If you see a picture in the data below, omit it and copy the rest exactly.

SUPPLIED INFORMATION:

☆ ☆ ☆ ☆ ☆

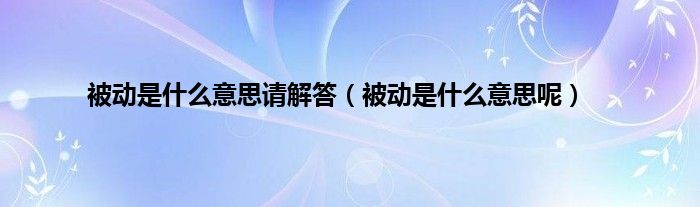 大家好,小问来为大家解答以上问题。被动是什么意思请解答,被动是什么意思呢这个很多人还不知道,现在让我们一起来看看吧!
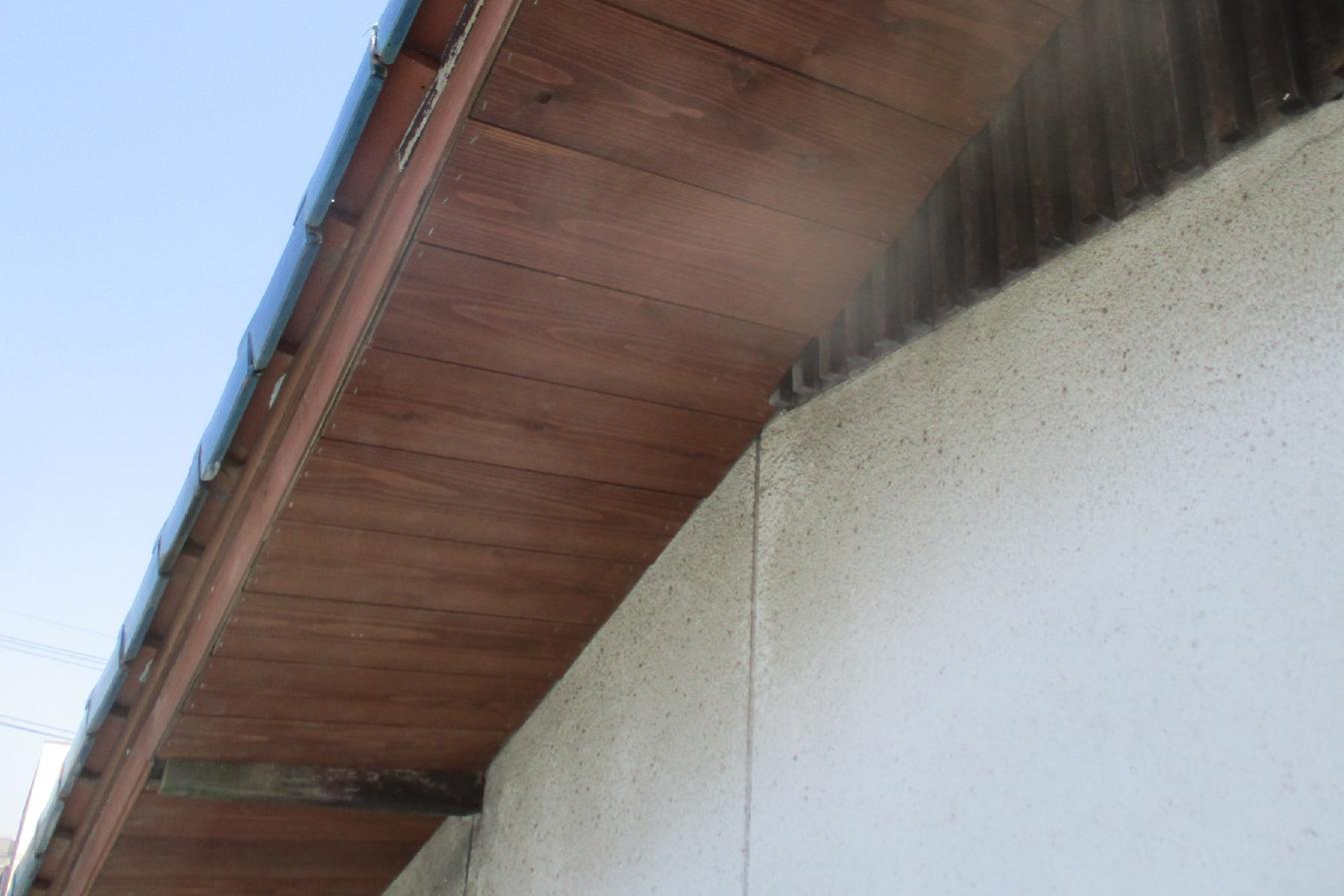 | 軒天もご希望で貼らせていただきました。防腐剤を施した板を張り付けてあります。 | 棟も積み直し、針金でしっかりと固定し直しました。 |
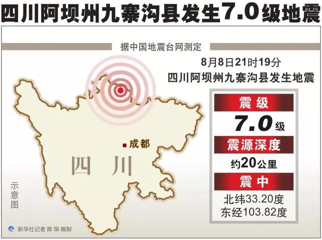8月8日21时19分,四川省阿坝州九寨沟县(北纬33.2度,东经103.82度)发生7.0级地震,震源深度20公里。
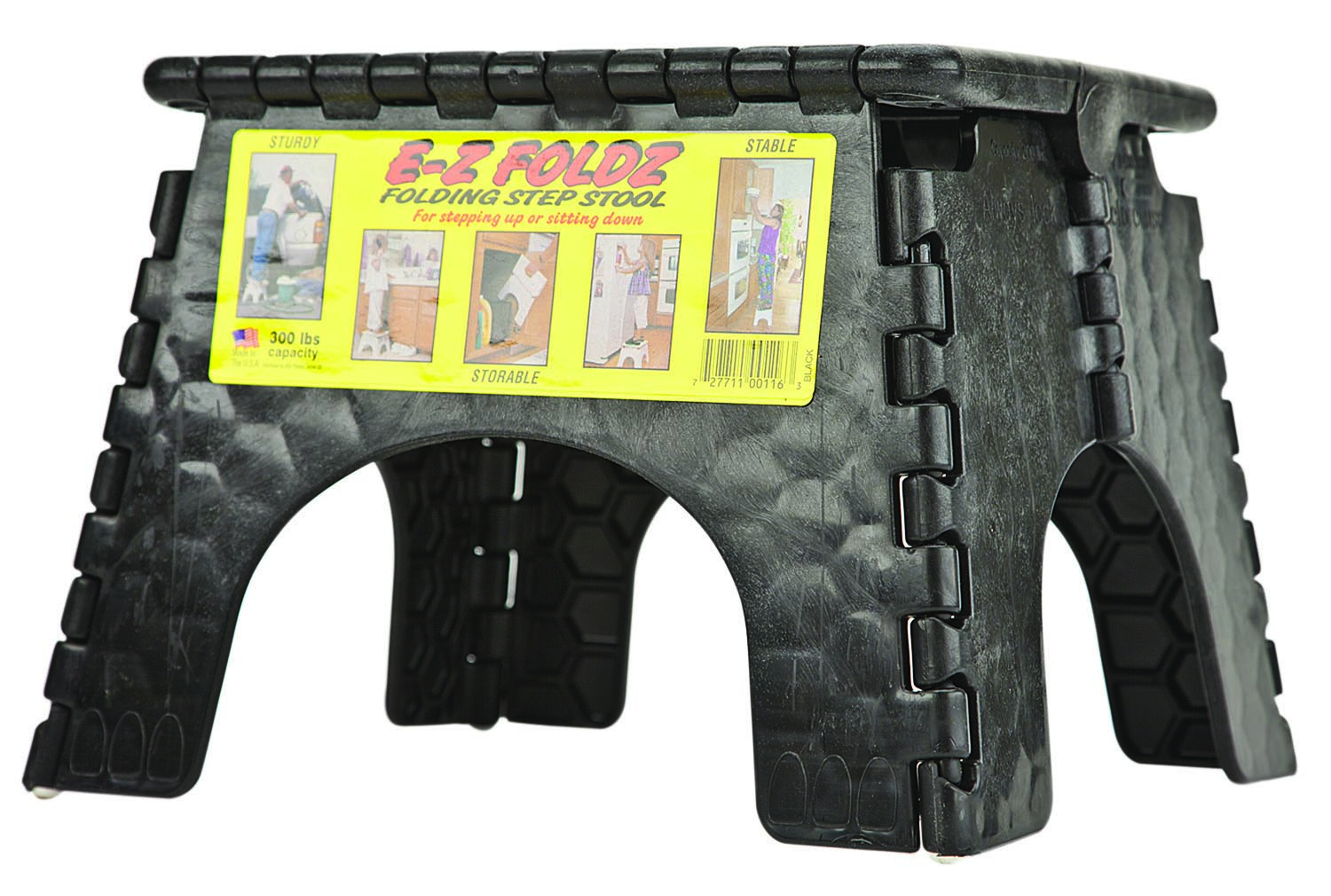 E-Z Fold Step Stools in two colors black and grey, Convenient for Kitchen, Bathrooms, Garage, Closet, Playroom, Gardening, Camping, RV-ing. Stand 9" High and folds for easy storage.Specifications

☆ ☆ ☆ ☆ ☆

EXPECTED ANSWER:
 大家好,小问来为大家解答以上问题。被动是什么意思请解答,被动是什么意思呢这个很多人还不知道,现在让我们一起来看看吧!
 | 軒天もご希望で貼らせていただきました。防腐剤を施した板を張り付けてあります。 | 棟も積み直し、針金でしっかりと固定し直しました。 |
8月8日21时19分,四川省阿坝州九寨沟县(北纬33.2度,东经103.82度)发生7.0级地震,震源深度20公里。
 E-Z Fold Step Stools in two colors black and grey, Convenient for Kitchen, Bathrooms, Garage, Closet, Playroom, Gardening, Camping, RV-ing. Stand 9" High and folds for easy storage.Specifications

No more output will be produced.